Kellett’s organization, Corporate Accountability International, delivered 6,000 comments calling on Coke to dispense with its high-priced PR and answer the popular demand that it label the source of its Dasani bottled water, provide better information on its quality, and stop threatening local control of water when operating bottling plants.
Corporate Accountability is highlighting the following Coke activities at the meeting:
Opposing improved water quality reporting. For the second year in a row, Coke executives challenged a shareholder resolution with the SEC on technical grounds that would have encouraged the corporation to provide more complete and timely information to consumers on the quality and testing of its Dasani bottled water and other Coke brands .
Opposing city efforts to support public water. When the U.S. Conference of Mayors proposed a resolution to cut city bottled water budgets to reduce waste and promote tap water, Coke and its trade group, the American Beverage Association, aggressively lobbied against the resolution.
Opposing bottled water source labeling. Coke continues to refuse to follow the lead of Pepsi’s Aquafina in labeling the source of Dasani. In 2007, Pepsi agreed to print “public water source” on Aquafina labels. Dasani also comes from the same source as tap.
Bottling despite drought. When a report funded by Coke suggested the corporation stop bottling in water parched areas in India, Coke’s India Division told a reporter the answer was, “not to stop bottling.” The pumps kept running, and this same pattern has born out even in Georgia, where city rationing during drought conditions didn’t preclude Coke from continuing to churn out its products, including bottled tap water, at full-tilt.
“Shareholders have a right to know that their company is continuing to cover up its damaging practices with glossy corporate social responsibility reports,” said Richard Girard from the Polaris Institute. “Claiming water neutrality and highlighting sustainable initiatives does not change the negative and very real impacts Coca-Cola has on communities around the world.”
Much of Coke’s green PR centers on a murky concept called “water neutrality” which may turn out to be yet another Madoffian ponzi scheme allowing Coke to rob Peter to pay Paul, as it were: running one community dry to hydrate another.
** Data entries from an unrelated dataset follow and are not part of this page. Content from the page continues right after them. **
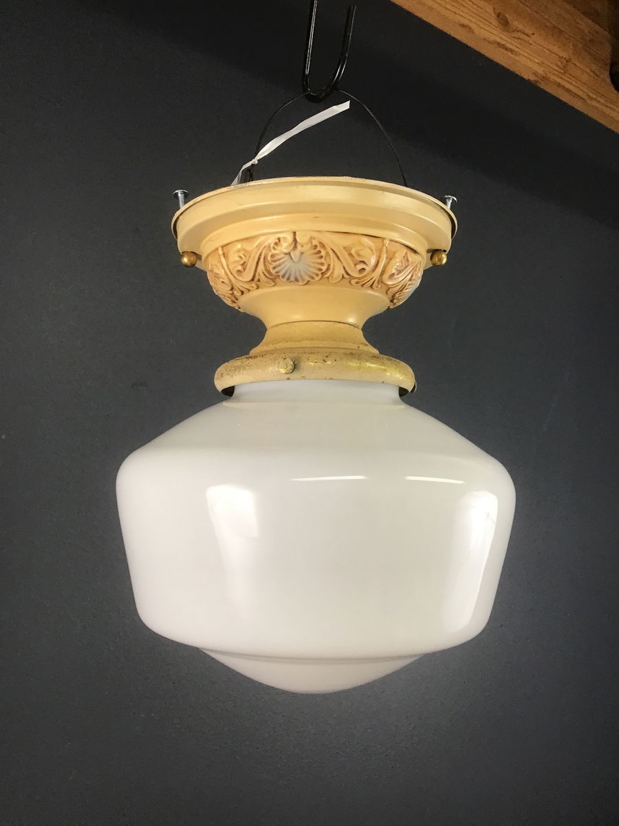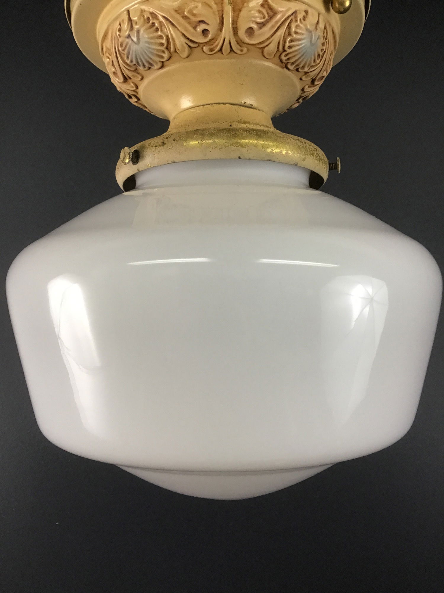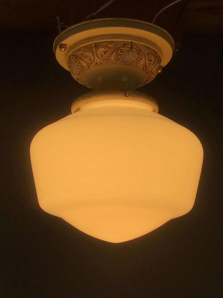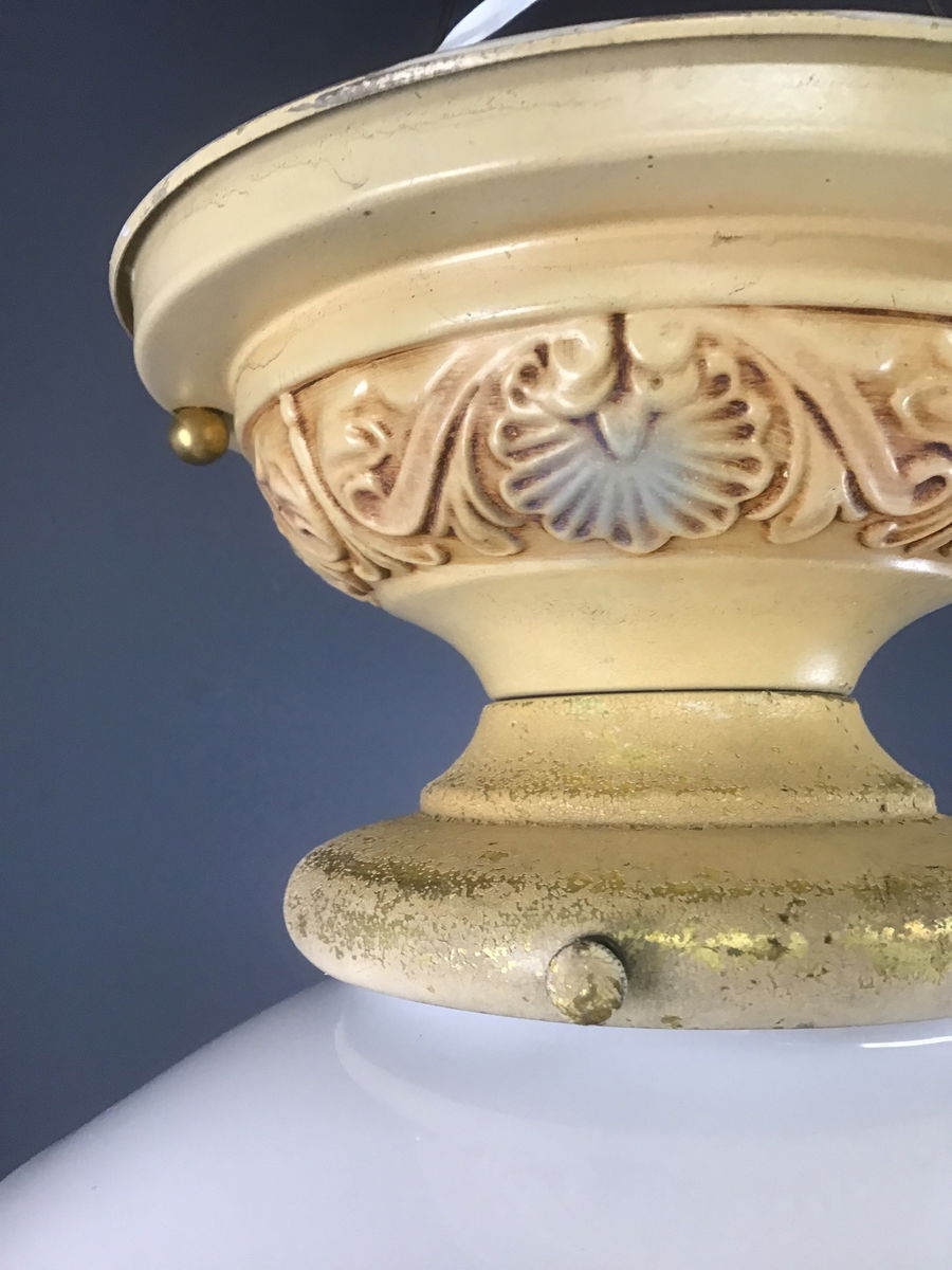 This ceiling fixture includes original polychrome paint and white schoolhouse globes. The lightshop has rewired the fixture, using a two part ceramic socket.
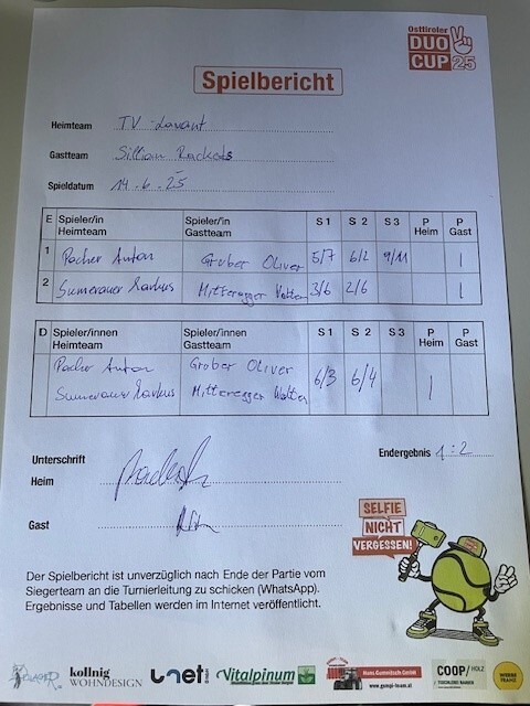 veröffentlicht am 16. Juni 2025 (von Anton P.)Am Samstag, den 14.06.2025 fand das Heimspiel gegen die Mannschaft Sillian Rackets statt.
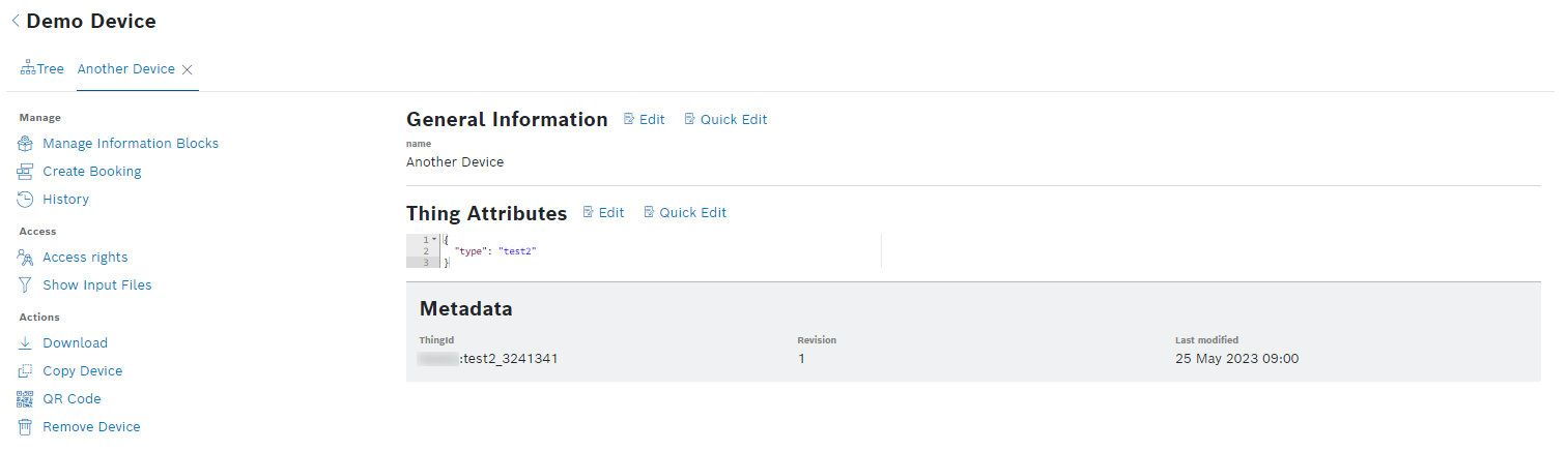 You can edit the general information of the device and add more information in the form of information blocks that have been configured for the device type the device belongs to.

And given Coke’s track record, the scheme has critics asking, “should we really be entrusting the distribution of water resources to private corporations?”
Coke has also sought praise for building a recycling plant to manage a small fraction of its waste stream, while at the same time opposing bottle recycling bills across the country. Each year, billions of pounds of plastic waste from Coke products wind up in landfills, incinerators, or as roadside litter.
“People don’t get kudos for picking up after themselves, nor should an enormously profitable global corporation – it’s just the right thing to do,” said Daniel Stockton, a student organizer at University of Georgia. “Since as young people we are inheriting what this corporation leaves behind, we’re just asking Coke to do ‘the real thing’ and respond directly to our concerns and stop deflecting.”